- TASK:
Please, starting at the line that contains "Váy sơ mi kẻ", reproduce every line exactly until the records run out, skipping all pictures.
# # # # # # #
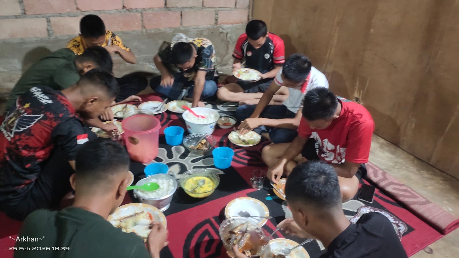 Meski berada jauh dari keluarga, suasana kekeluargaan terasa kental saat para anggota Satgas menyantap hidangan sahur sederhana secara bersama-sama.
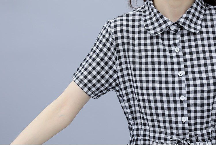 Váy sơ mi kẻ caro phối thêu nơ dễ thương, mang đến vẻ ngoài năng động nhưng vẫn nữ tính. Thiết kế: Dáng suông thoải mái, cổ sơ mi thanh lịch. Điểm nhấn: Họa
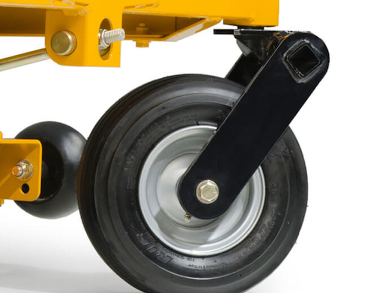- Shock absorbing front caster forks improve operator comfort and provide a more even cut, especially over uneven terrain and at higher speeds.
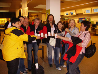 Gute Laune schon vor dem Abflug vom Flughafen in Salzburg. Silvias bereits zur Tradition gewordene Flasche Prosecco trug das seine dazu bei. |
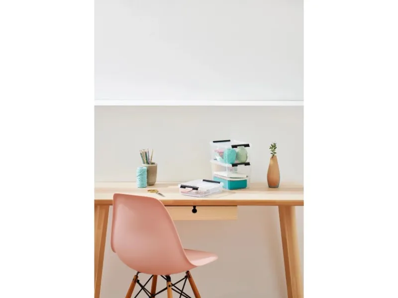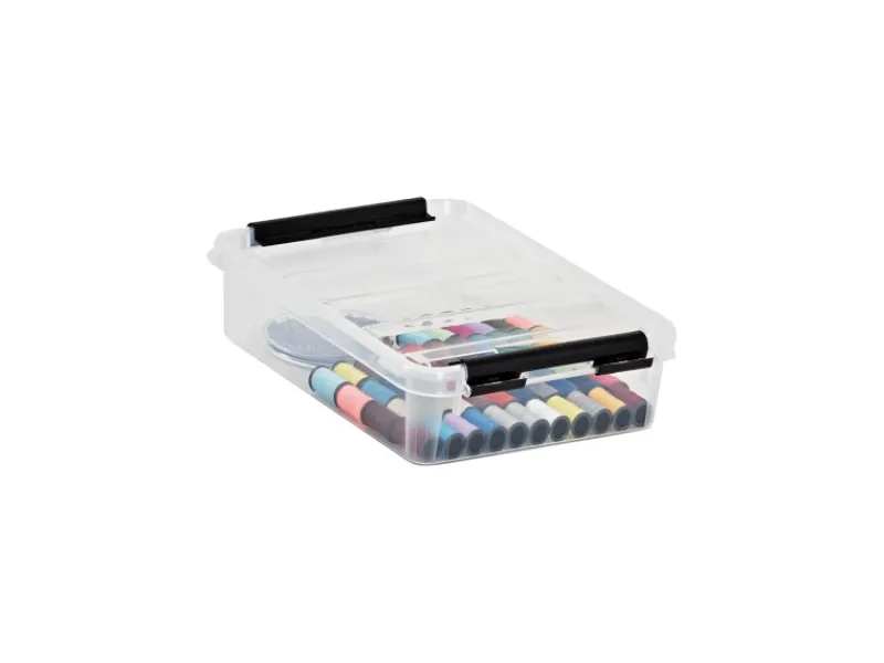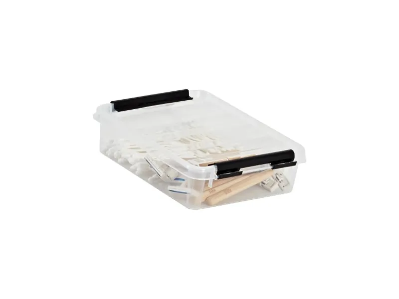 Diese 1-Liter-Box eignet sich perfekt zur Aufbewahrung von kleinen Gegenständen wie Kosmetika, Stiften, Buntstiften, Bürobedarf, Nähzubehör und Perlen. Das transparente Material erleichtert den Blick auf den Inhalt. Stabile Kunststoff-Clips sorgen für einen sicheren Verschluss des Deckels.
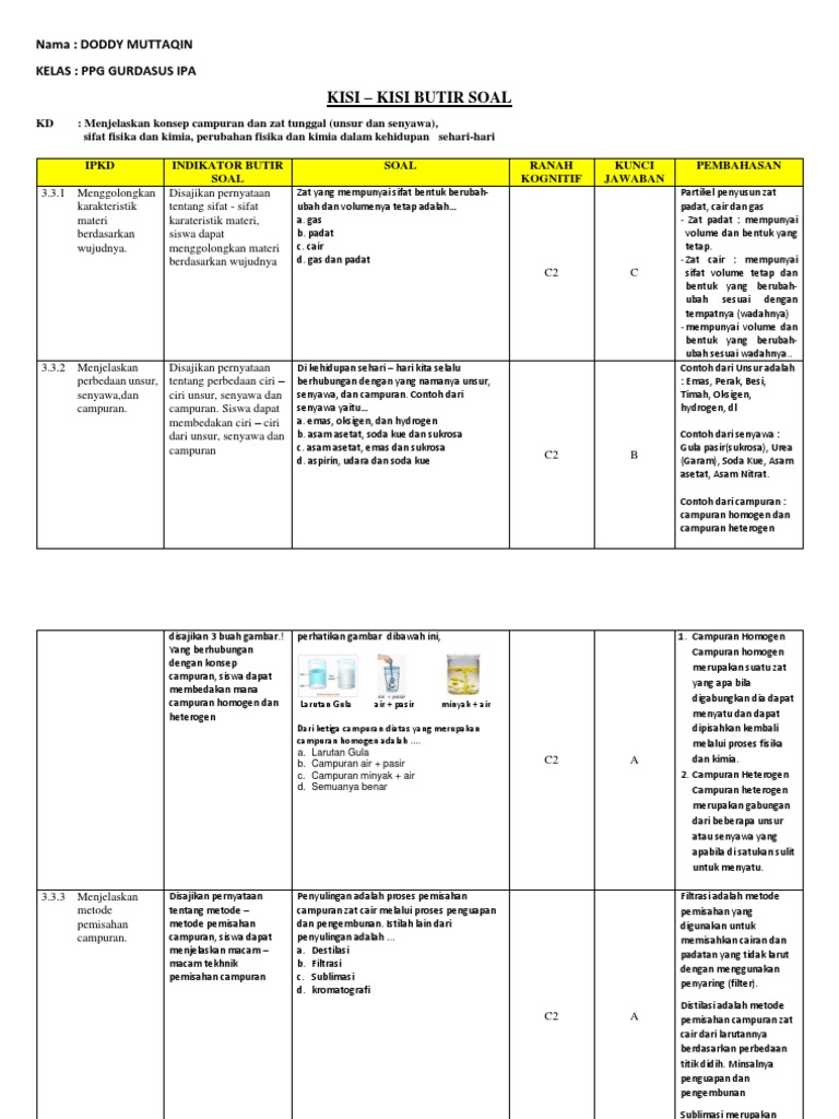 Kisi – Kisi Butir Soal: Nama: Doddy Muttaqin Kelas: Ppg Gurdasus Ipa
# # # # # # #
- RESULT OF THE EXERCISE:
 Váy sơ mi kẻ caro phối thêu nơ dễ thương, mang đến vẻ ngoài năng động nhưng vẫn nữ tính. Thiết kế: Dáng suông thoải mái, cổ sơ mi thanh lịch. Điểm nhấn: Họa
- Shock absorbing front caster forks improve operator comfort and provide a more even cut, especially over uneven terrain and at higher speeds.
 Gute Laune schon vor dem Abflug vom Flughafen in Salzburg. Silvias bereits zur Tradition gewordene Flasche Prosecco trug das seine dazu bei. |
 Diese 1-Liter-Box eignet sich perfekt zur Aufbewahrung von kleinen Gegenständen wie Kosmetika, Stiften, Buntstiften, Bürobedarf, Nähzubehör und Perlen. Das transparente Material erleichtert den Blick auf den Inhalt. Stabile Kunststoff-Clips sorgen für einen sicheren Verschluss des Deckels.
 Kisi – Kisi Butir Soal: Nama: Doddy Muttaqin Kelas: Ppg Gurdasus Ipa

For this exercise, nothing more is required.